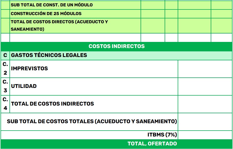 Propuesta Técnica: – Certificaciones que acrediten al menos de tres a cinco años de experiencia en construcción con participación en al menos dos (2) proyectos de igual o mayor valor a USD 20,000. – Se valorará experiencia previa en zonas de acceso remoto. – Cronograma de trabajo con tiempos estimados para adquisiciones, transporte y ejecución. – Plan de trabajo: logística, personal, estrategias, recursos propios y subcontratados, adquisición y transporte de materiales. Paz y salvo DGI. El Contratista que resulte con la mejor propuesta deberá presentar fianza de cumplimiento y de responsabilidad social.
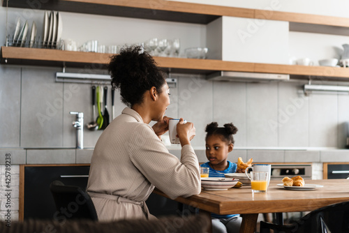 © Drobot Dean, Obraz premium Happy black mother and daughter having breakfast at home kitchen
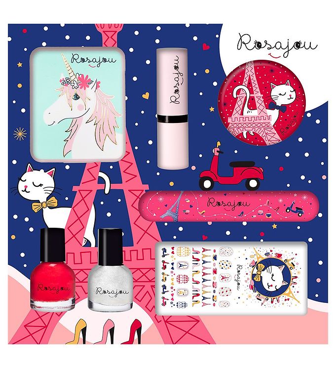 Rosajou Sminkesæt - Blush/Læbestift/Neglelak m.m. - 7 Dele
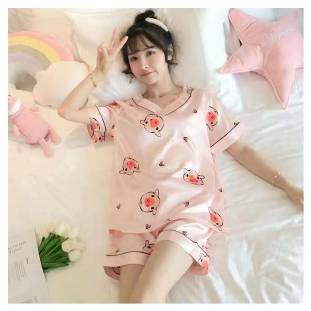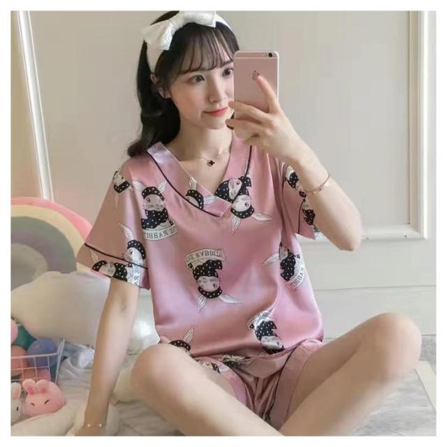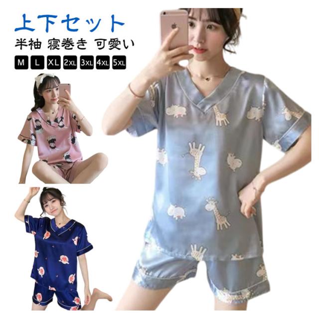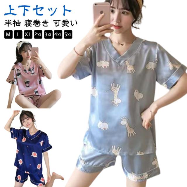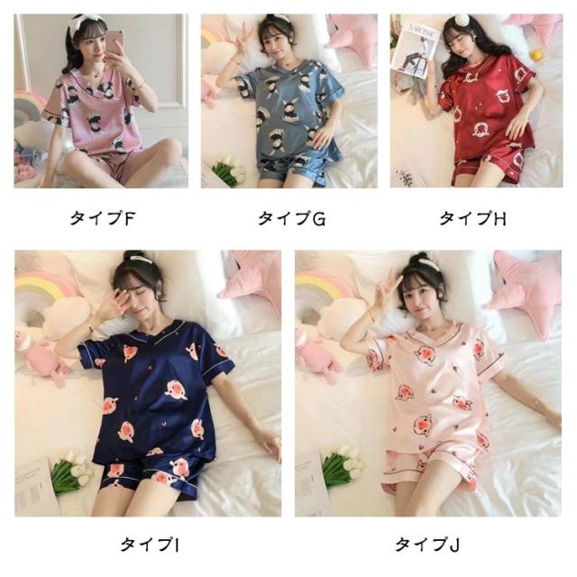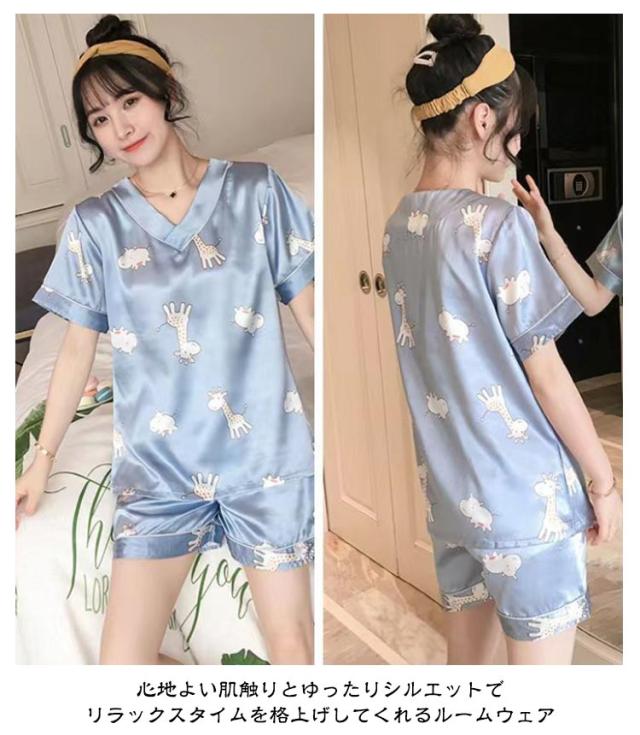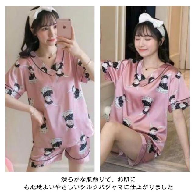 パジャマ シルクタッチ サテン 光沢 上下セット レディース 上下 セットアップ ルームウェア ナイトウェア 半袖 寝間着 ショートパンツ リラックス おしゃれ 部屋着 女性 女の子 ママ 大人 体型カバー ゆったり 寝巻き 可愛い 夏 かわいい セクシー 送料無料

····················

The task | Drop the images and return the data verbatim.

Answer section |
 Propuesta Técnica: – Certificaciones que acrediten al menos de tres a cinco años de experiencia en construcción con participación en al menos dos (2) proyectos de igual o mayor valor a USD 20,000. – Se valorará experiencia previa en zonas de acceso remoto. – Cronograma de trabajo con tiempos estimados para adquisiciones, transporte y ejecución. – Plan de trabajo: logística, personal, estrategias, recursos propios y subcontratados, adquisición y transporte de materiales. Paz y salvo DGI. El Contratista que resulte con la mejor propuesta deberá presentar fianza de cumplimiento y de responsabilidad social.
 © Drobot Dean, Obraz premium Happy black mother and daughter having breakfast at home kitchen
 Rosajou Sminkesæt - Blush/Læbestift/Neglelak m.m. - 7 Dele
 パジャマ シルクタッチ サテン 光沢 上下セット レディース 上下 セットアップ ルームウェア ナイトウェア 半袖 寝間着 ショートパンツ リラックス おしゃれ 部屋着 女性 女の子 ママ 大人 体型カバー ゆったり 寝巻き 可愛い 夏 かわいい セクシー 送料無料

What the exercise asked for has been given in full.